Ma non è una “natura” quella che li circonda, bensì una cultura, tanto rozza quanto potente nel suo radicamento: Angelo gli spiega l’omicidio da compiere, seduto al tavolo ormai quasi deserto del banchetto in un ristorante per una ricorrenza famigliare, con gli stessi gesti e gli identici toni che potrebbe avere Cracco che giudica il piatto di un aspirante chef – d’altronde i ragazzi vengono dall’istituto alberghiero e sognavano di diventare barman, prima di entrare nel giro – o Morgan l’esecuzione canora di un concorrente.

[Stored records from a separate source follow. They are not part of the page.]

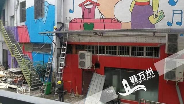 在執(zhí)法人員的指揮下,工人們熟練地搭好樓梯攀爬到雨棚下方的位置,利用繩索和專業(yè)焊接設(shè)備,分別對雨棚下方的金屬架和棚頂展開拆除工作。
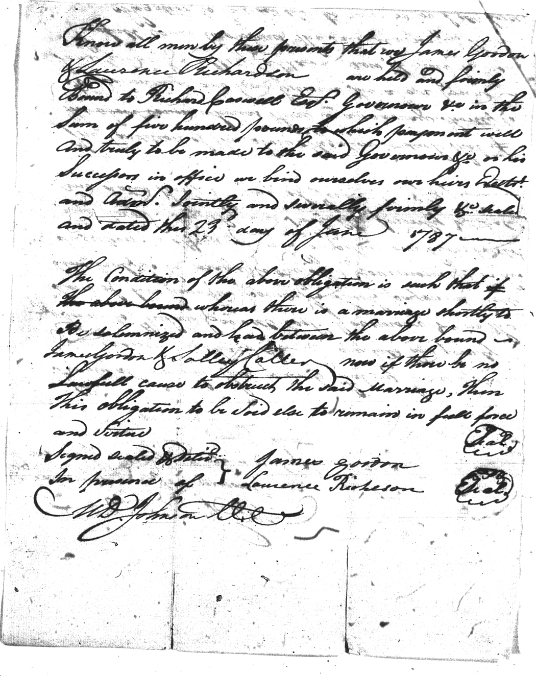 Gordon James Caller Salley 23 Jun 1787   Laurance Richardson White
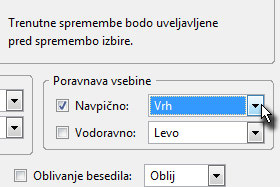 V novem oknu označite Navpično, ki se nahaja pri polju Poravnava vsebine.
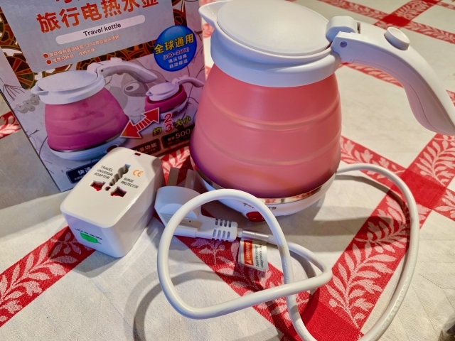 すぐに沸騰する旅行用ケトルは、かなり重宝します。カップラーメンなどのインスタント食品は、コーヒーメーカーのお湯の温度では無理があり、ルームサービスで沸騰したお湯を頼んでもやはり温度は低い。日本で3,000円ほどで売られている旅行用ケトルは、全世界対応のコンセントになっていますので、海外旅行や出張の多い方にもおすすめです。

Una volta che ci sintonizziamo con questo livello del film, siamo costretti a rileggerne la storia indietro e avanti – l’immersione in questa dimensione televisiva e virtuale che prende il posto della realtà, “risuona” anche nella scena del cane da guardia immobilizzato con un teaser, che sembra uscita da un frame per videogiochi – per andare a scovare tutti gli elementi che convergono su questo sentimento. Forse La terra dell’abbastanza è proprio questo: una commistione chiusa e autoreferenziale di realtà e virtualità, non aperta ai possibili apporti di arricchimento che possono provenire da qualsiasi fonte, tecnologie comprese. Quando Mirko, in seguito alla morte di Manolo nell’agguato, comincia a capire cosa è diventata la loro vita e vuole reagire, dev’essere semplicemente eliminato, così come accade mentre sta per entrare nel commissariato per denunciare i suoi complici. La vita, allora, può semplicemente tornare alla normalità. Anche il tentativo di Mirko di regalare con il suo sacrificio una vita diversa alla madre, infilando una mazzetta di banconote nell’armadietto del bagno, sembra neutralizzato: la madre non è partita, continua a vivere nel quartiere, dove un giorno, al bar, per caso incontra Danilo, con cui scambia qualche battuta sulla fine dei rispettivi figli. La vita ha ripreso il suo corso.

Riferimenti bibliografici
G. Agamben, Homo sacer, Einaudi, Torino 1995.
P. Montani, L’immaginazione intermediale, Laterza, Roma-Bari 2010.